1) Input data The only input for this task is a set of sound file excerpts adhering to the format and content requirements mentioned below. Audio format:

  • CD-quality (PCM, 16-bit, 44100 Hz)
  • mono
  • 30 seconds excerpts (longer excerpts of whole pieces?)
  • files are named as "001.wav" to "999.wav" (or with another extension depending on the chosen format)

Audio content:

  • polyphonic music with drums (most)
  • polyphonic music without drums (only few))
  • different genres / playing styles
  • both live performances and sequenced music
  • different types of drum sets (acoustic, electronic, ...)
  • at least 50 files
  • participants receive a representative subset in advance

Distributed data

  • a representative random subset of the data will be made available to all participants in advance of the evaluation (20% of all available files, the organizers know how many they received on their ftp site)
  • this data can be used by the participants as they please
  • this data will not be used again during the evaluation

2) Output results The output of this task is, for each sound file, an ASCII text file containing 2 columns, where each line represents a drum event. The first column is the position (in seconds) of the drum event, and the second column is the label for the drum event at that position. Multiple drum events may occur at the same time, so there may be multiple lines having the same value in the first column. The file names of the output files are the same as the audio files, but the extension is ".txt" (so: "001.txt" for "001.wav").

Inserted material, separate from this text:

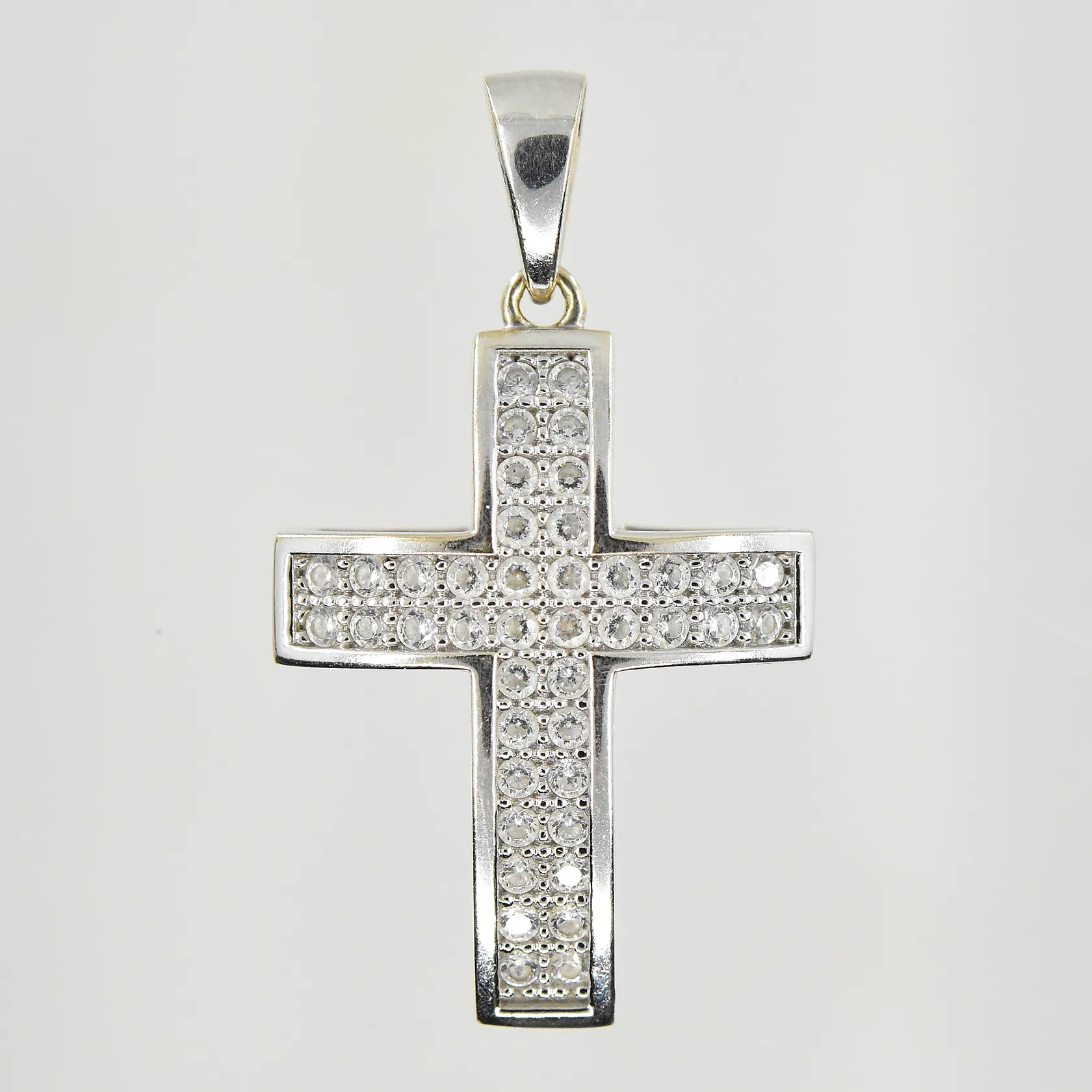 Hänge kors med vita stenar, längd 25 mm, bredd 16 mm, vitguld, 18K. Vikt: 3 g.
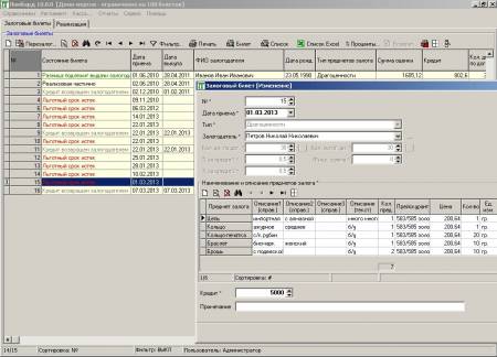 Программа для автоматизации оперативного учета в ломбарде. Схема начисления процентов – за фактический срок пользования кредитом. Возможность учета процентов до выкупа (в т.ч. ожидаемые проценты). За пользование кредитом залогодателем платятся проценты в ломбард (за фактическое количество дней): - проценты за пользование кредитом - от суммы кредита, - проценты за хранение - от суммы оценки. При этом весь период пользования может делиться на 2 интервала: количество дней по договору и после, соответственно для этих периодов можно поставить разные проценты за кредит в пределах одного билета. Есть возможность ставить разные проценты или количество дней по договору от билета к билету при его заполнении. Также реализована возможность автоматически проставлять проценты в случае, когда величина процента за кредит зависит от суммы кредита, количества дней по договору или типа предметов залога.

Classes and labels that are considered:

  • BD (bass drum)
  • SD (snare drum)
  • HH (hihat, open, closed, pedal...)

Evaluation Procedures

  • F-measure (harmonic mean of the recall rate and the precision rate, beta parameter 1, so equal importance to prec. and recall) is calculated for each of three drum types (BD, SD, and HH), resulting in three F-measure scores and their average score
  • speed measure: the time it takes to do the complete run from the moment your algorithm starts until the moment it stops will be reported (relevance?)
  • parameter: the limit of onset-deviation errors in calculating the above F-measure is 30 ms (so a range of [-30 ms, +30 ms] around the true times)
  • condition: the actual drum sounds (sound samples) used in the input audio signal of each song are not known in advance
  • condition: participants who provided data and who need in-advance training or tuning, should only use the data made available to all participants by the organizers (If not, they should explictely state that they used their own data that was donated to the MIREX organizers so that this is known in public, and that they can be put in a separate category. They could also submit two versions: one trained with the public data only, and one trained as they had done before using all of their own data. The point is that this must be clear to everyone so that this is known for interpreting the evaluation results correctly.)